Y’all, we are headed to the Smoky Mountains today for a week-long vacation. I’m soooo excited. Seriously. We all three are looking forward to doing all the things we love in the mountains — pancakes at Log Cabin Pancake House, DollyWood, tubing the Ocoee, and driving through Cade’s Cove. We may even manage a hike up to Clingman’s Dome this year.
Scott’s grandparents are going with us so I feel sure there will be a Rook game or two in the evenings and we may even be able to talk Casiday into playing dominoes with us. And speaking of that sweet girl of mine, I know she’s wanting to do a little shopping so I imagine there will be some time spent at the outlet mall.
I did something I almost never do — I bought a hardcover fiction book. I always buy fiction for my Kindle but I bought The Nest to read on vacation because t has the most beautiful cover. Is that silly? I don’t really care. Look at this cover
Somehow in the past few months I have let myself, my heart, and my mind, get bogged down with stress and worries and fears. Scott and I spent Father’s Day afternoon and evening digging and planting two new flower beds in our front yard. As I sat in my favorite turquoise Adirondack chair looking at what we’d finished, I realized I’d neglected beauty in all my busy-ness. I’d stopped looking for it, stopped noticing it. There’s a price for that in my life — and it’s almost always that I get anxious and fearful and worry.
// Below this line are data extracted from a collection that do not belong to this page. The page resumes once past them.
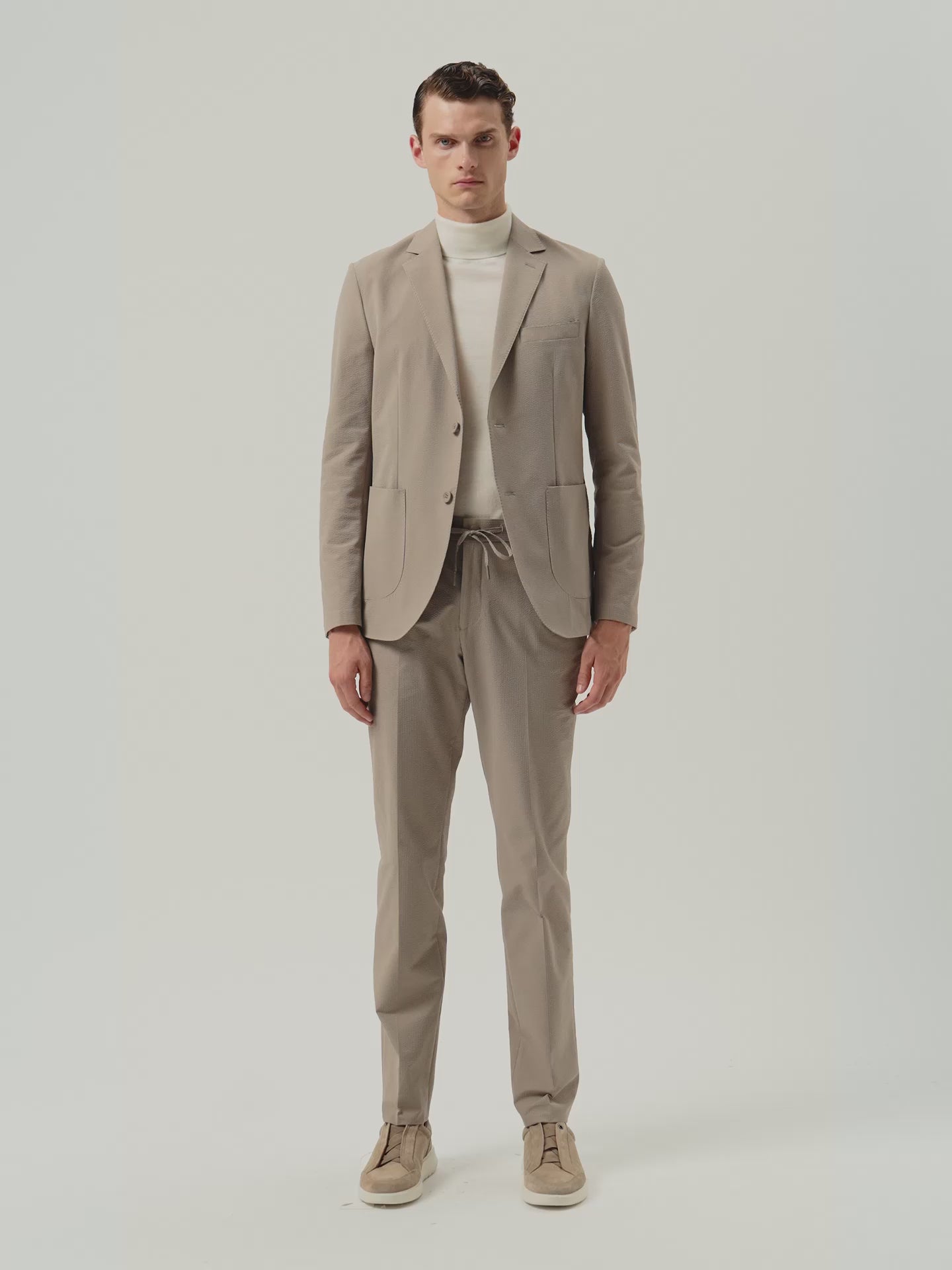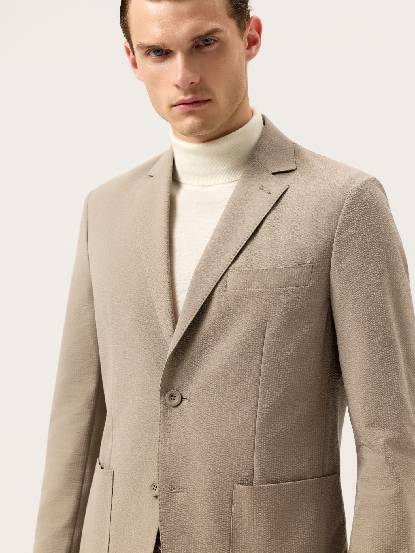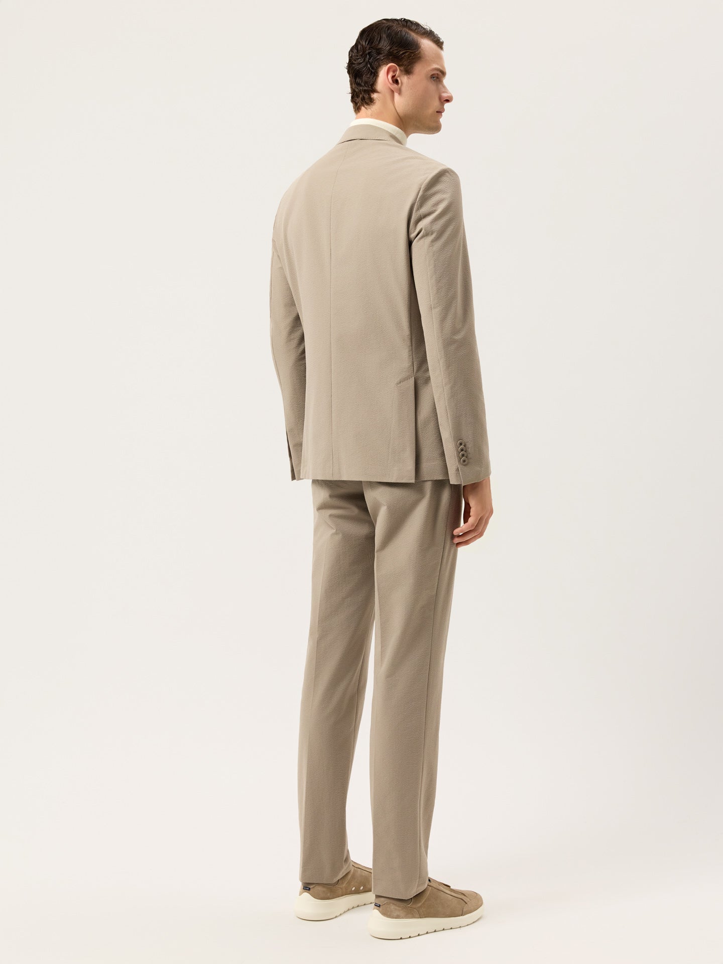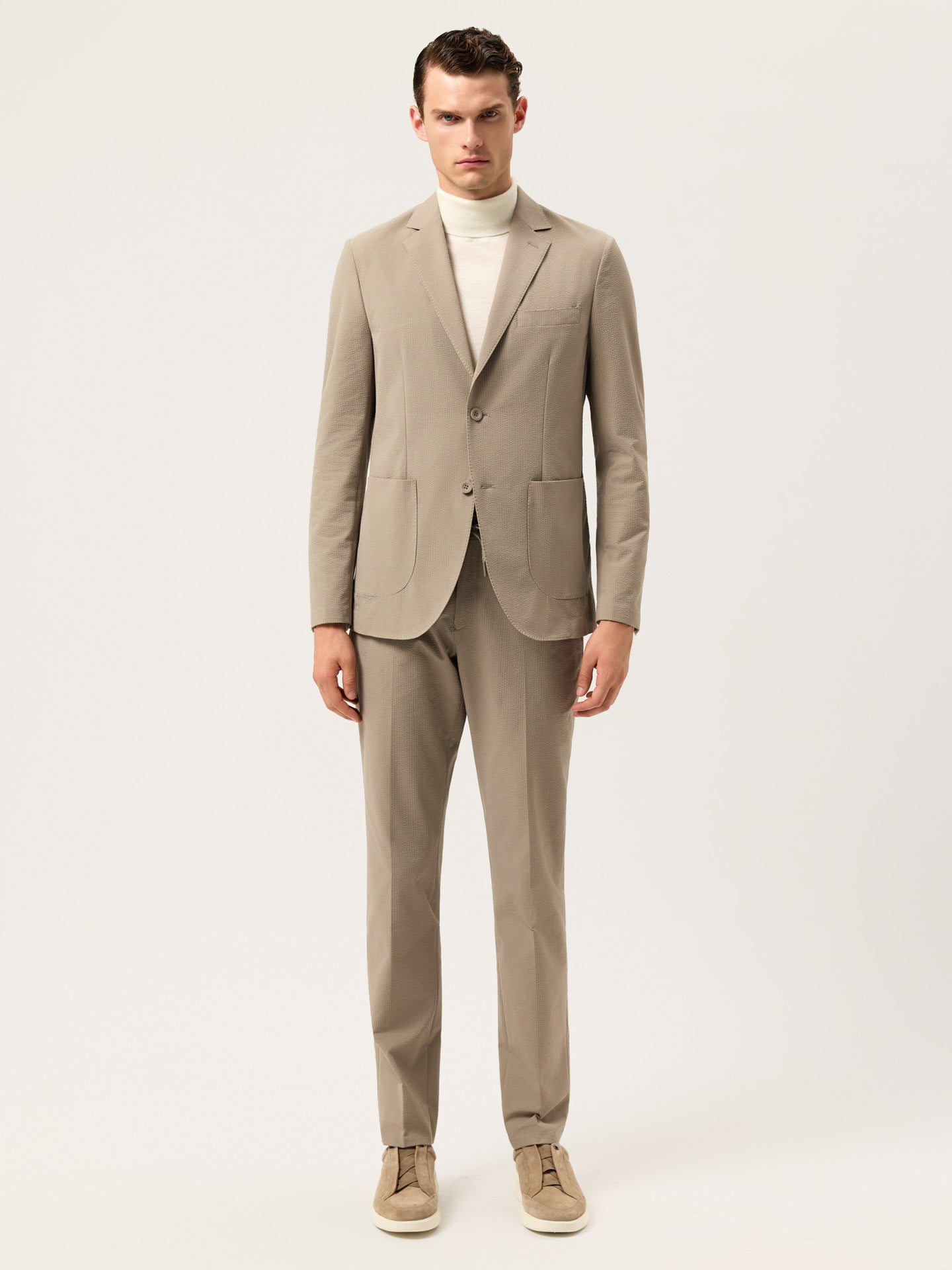 Slim Fit Seersucker Travel Suit In Washable Fabric
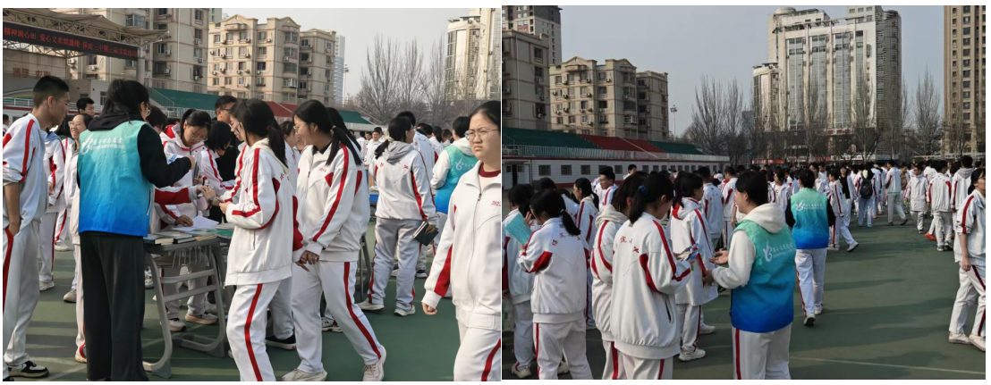 在保定市第二十一中学,志愿者利用课间时段在教学楼前设立互动科普展区,通过图文展板、趣味问答和宣传折页,向中学生生动讲解结核病传播途径与预防措施,重点强调“勤通风、戴口罩、强体魄”等核心知识,活动于3月18日开展,覆盖师生300余人次。
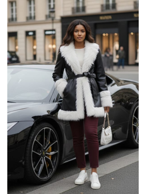 Harmatime butik Tüylü İçi Astarlı Kemerli Deri Siyah Ceket
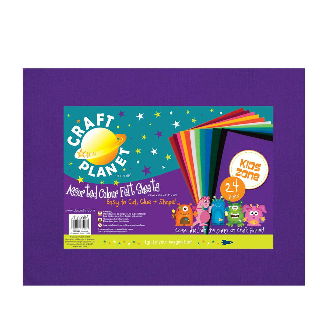 Craft Planet Acrylic Felt Sheet, Multicoloured, 9 x 12, Art & Craft Fun For Kids, Crafting Supplies, Use In Home Or School, Make Finger Puppets, Soft Toys, Fashion Accessories
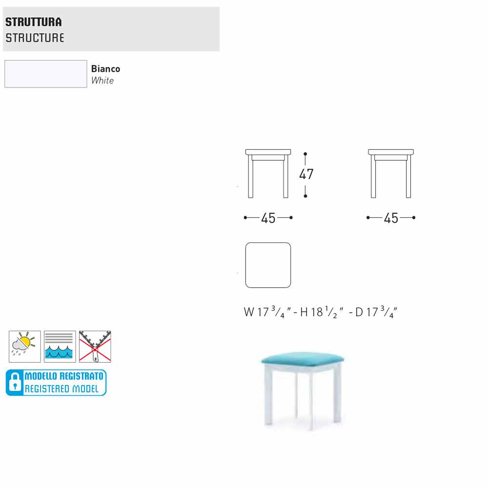 Întreținere: Colecția acceptă lumina soarelui și ploaia. Vă recomandăm întreținerea regulată și o atenție deosebită protecției obiectelor în caz de condiții meteorologice nefavorabile (gheață, grindină, schimbări de temperatură, umiditate, persistență, căldură aprinsă sau frig extrem). Durata și integritatea acestor elemente depind de îngrijirea cu care sunt menținute. Pentru produsele din aluminiu și oțel, deși protejate de tratamente și finisaje adecvate pentru utilizare în exterior, este esențial să se prevină stagnarea apei în interiorul produsului în sine. De fapt, toate articolele au găuri tehnice necesare pentru aplicarea tratamentelor și a finisajelor de protecție. Introducerea apei în aceste găuri și stagnarea acesteia pot provoca rugină în interiorul conductelor.

In all my busy-ness, I stopped looking for beauty, stopped noticing it. Share on XSo as I packed and prepared to head out with these people I love so much for a week away, I prayed about my priorities. I confessed the ways I’d let being busy become an idol. I admitted how often I’ve allowed being overwhelmed to move me into laziness and procrastination. I asked God to renew my heart and restore my soul. And in the midst of all of my preparations, I asked for Him to show me what I really need, what my priorities this week need to be.
I realize what I need most is just to soak in Him! To treasure these people He has placed in my life, to laugh because He delights in our joy, to notice the sunrise and clouds and beauty of Creation … and to lean into His Word as my guide. I’m a little behind in my summer Bible reading plan and that’s okay. I bet I’ll have some time on the deck looking over the mountains to read. And if I’m still behind when I come home, that’s okay too. Because God isn’t concerned with my checklists and plans, He is after my heart.
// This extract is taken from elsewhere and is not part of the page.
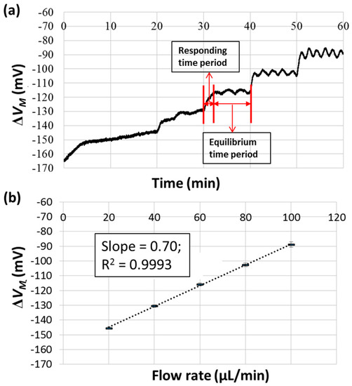 It follows that the hydraulic pressure (PH), and thus, the pressure drop (ΔP) are proportional to the measured voltage difference (ΔVM). Next, the flow resistance (Rflow) is proportional to the pressure drop along the microfluidic channel (ΔP), the flow rate of the liquid sample (Q), the fluidic viscosity (μ), and the dimension of the channel (w: width; h: height; L: length) as [25]
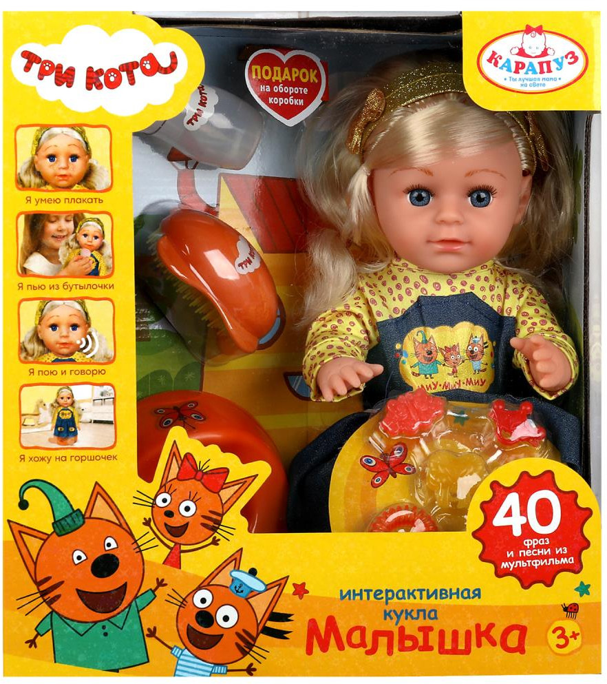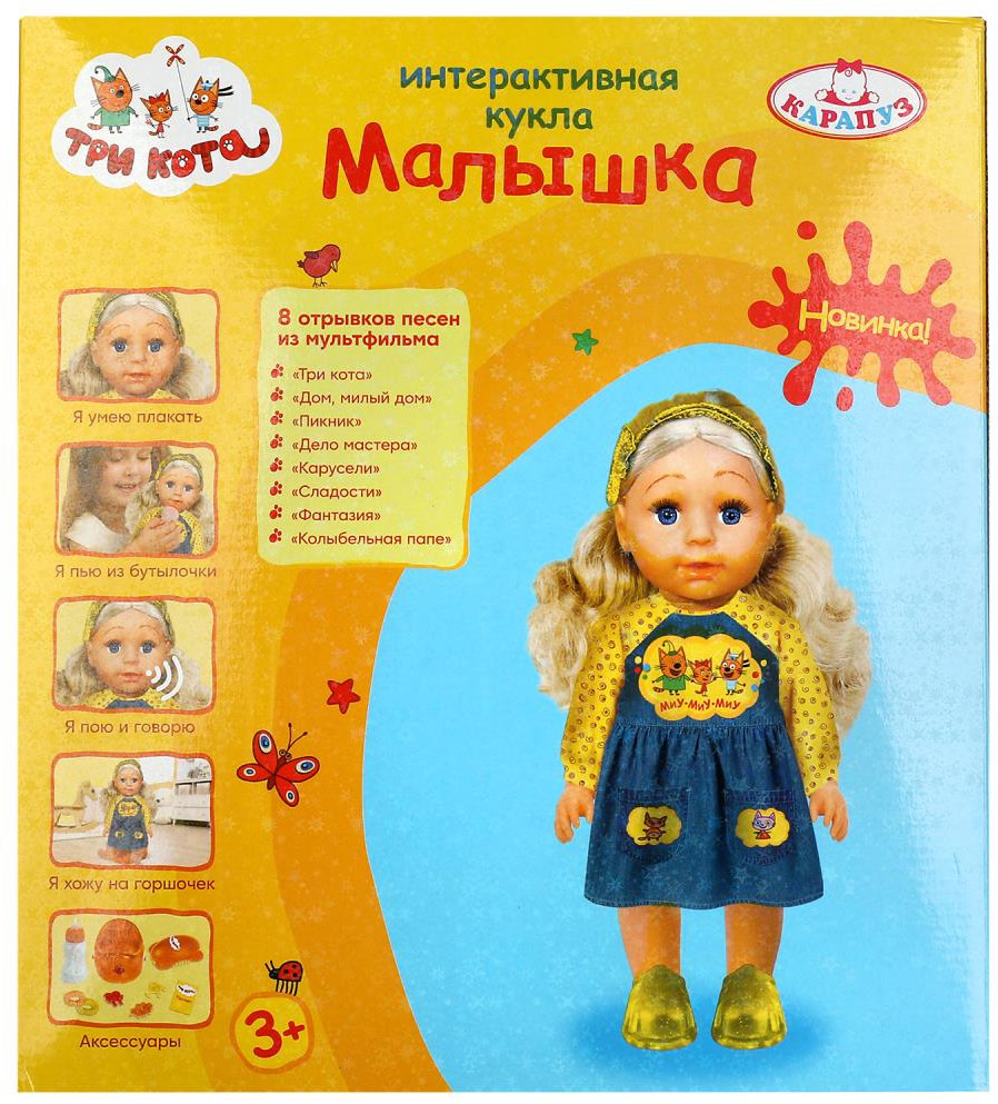 💳 Оплатить за товар можно при получении 🇰🇿 Есть бесплатная доставка по Казахстану от 1 дня 🎁 Копите бонусы с каждой покупки Серия: Три кота Озвученная кукла «Три кота. Малышка» от ТМ «Карапуз» станет прекрасным подарком для маленьких поклонниц мультсериала про любознательных котят. |

So what are my vacation priorities?
To be present. It’s so easy for me to get distracted by my expectations or plans. This week, I want to be fully present right where I am.
To read. I’m not going to apologize for bringing my book and I’m going to enjoy taking some time to just read and enjoy it.
To see the sun rise and set. I know I won’t manage this one every day but I want to make sure it happens at least a couple of times.
To let go of my expectations. This is the one that will be hardest. But I am going with an open heart and mind, with a desire to enjoy whatever each day hold, and without a need to control or micromanage every detail.
The more I look over this list, the more I realize these are probably some priorities I need to have all the time. It’s too easy to get caught up in the chaos of life and miss out on the beauty around us. So go ahead and buy the hardback book with the beautiful cover!